Polygenic Scores Help Predict Trajectory of Schizophrenia

April 29, 2020
Kenny Walter

Kenny Walter is an editor with HCPLive. Prior to joining MJH Life Sciences in 2019, he worked as a digital reporter covering nanotechnology, life sciences, material science and more with R&D Magazine. He graduated with a degree in journalism from Temple University in 2008 and began his career as a local reporter for a chain of weekly newspapers based on the Jersey shore. When not working, he enjoys going to the beach and enjoying the shore in the summer and watching North Carolina Tar Heel basketball in the winter.

Patients with adolescent disruption of cognitive developed had more severe symptoms following a schizophrenia diagnosis.

Dwight Dickinson, PhD

The 2020 American Psychiatric Association (APA) Annual Meeting was cancelled this year, with plans made to convert the world-leading psychiatry conference into a two-part virtual session and educational platform for attendees.

In lieu of regular on-site coverage, HCPLive® will be running a series of interviews, insights, and reporting on topics that frequently headline the APA meeting—featuring familiar experts.

The polygenic scores (PGS) of schizophrenia patients could forecast an individual’s cognitive development.

A team, led by Dwight Dickinson, PhD, National Institute of Mental Health, examined whether different cognitive development histories in schizophrenia could reflect variation across dimensions of genetic influence.

The investigators derived and characterized cognitive development trajectory subgroups within a schizophrenia sample through cluster analysis using estimated of premorbid and current IQ and profiled the subgroups across polygenic scores for schizophrenia, cognition, educational attainment, and ADHD using standard methods.

The team collected demographic, clinical, and genetic data for 540 schizophrenia patients, 237 unaffected siblings, and 844 control subjects at the National Institute of Mental Health.

The associations were tested using general linear models and logistic regression.

Through cluster analyses, the investigators identified 3 cognitive trajectory subgroups in the schizophrenia group—preadolescent cognitive impairment (19%), adolescent disruption of cognitive development (44%), and cognitively stable adolescent development (37%).

Together, the 4 polygenic scores predicted 7.9% of the variance in subgroup membership. Subgroup characteristics converged with genetic patterns and cognitively stable participants had the best adult clinical outcomes and differed from control subjects only in schizophrenia polygenic scores.
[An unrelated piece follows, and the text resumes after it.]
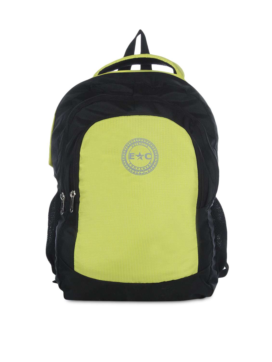 black and lemon green zippered backpack

Individuals with adolescent disruption of cognitive development showed the most severe symptoms following their diagnosis and were cognitively impaired. This subgroup also had the highest schizophrenia polygenic scores and had disadvantageous cognitive polygenic scores relative to both the control subjects and cognitively stable individuals.

On the other hand, individuals showing preadolescent impairment in cognitive and academic performance and poor adult outcome exhibited a generalized polygenic score disadvantage relative to control subjects and were the only subgroup to differ significantly in education and ADHD polygenic scores.

“Subgroups derived from patterns of premorbid and current IQ showed different premorbid and clinical characteristics, which converged with broad genetic profiles,” the authors said. “Simultaneous analysis of multiple PGSs may contribute to useful clinical stratification in schizophrenia.”

One drug that has proven to be successful in treating schizophrenia patients is clozapine.

However, rechallenging a schizophrenia patient following a clozapine-induced major adverse event can be difficult.

While effective in reducing schizophrenia symptoms, clozapine treatment is known to increase the risk of serious adverse events including agranulocytosis and severe neutropenia, myocarditis and cardiomyopathy, gastrointestinal hypomotility leading to bowel infarction, pancreatitis, and renal insufficiency.

Peter Manu, MD, a professor of Internal Medicine at the Donald and Barbara Zucker School of Medicine at Hofstra University/Northwell Health, explained in an interview with HCPLive® that faulty data on the risk of adverse events induced by clozapine may be causing patients to discontinue use following the complication.

Manu said most of the adverse events occur in the first few weeks of treatment. But the major side effects only occur in a small proportion of patients.

“It has adverse effects, we know that,” Manu said. “The idea is we challenged the patient after an adverse event. We rarely deal with more than 1 really life-threatening complication.”

Ultimately, Manu deemed the widely used treatment as safe, saying the incidence of suicide in patients who discontinue treatment is higher than the fatality rate of the adverse events caused by the treatment.

The study, “Distinct Polygenic Score Profiles in Schizophrenia Subgroups With Different Trajectories of Cognitive Development,” was published online in The American Journal of Psychiatry.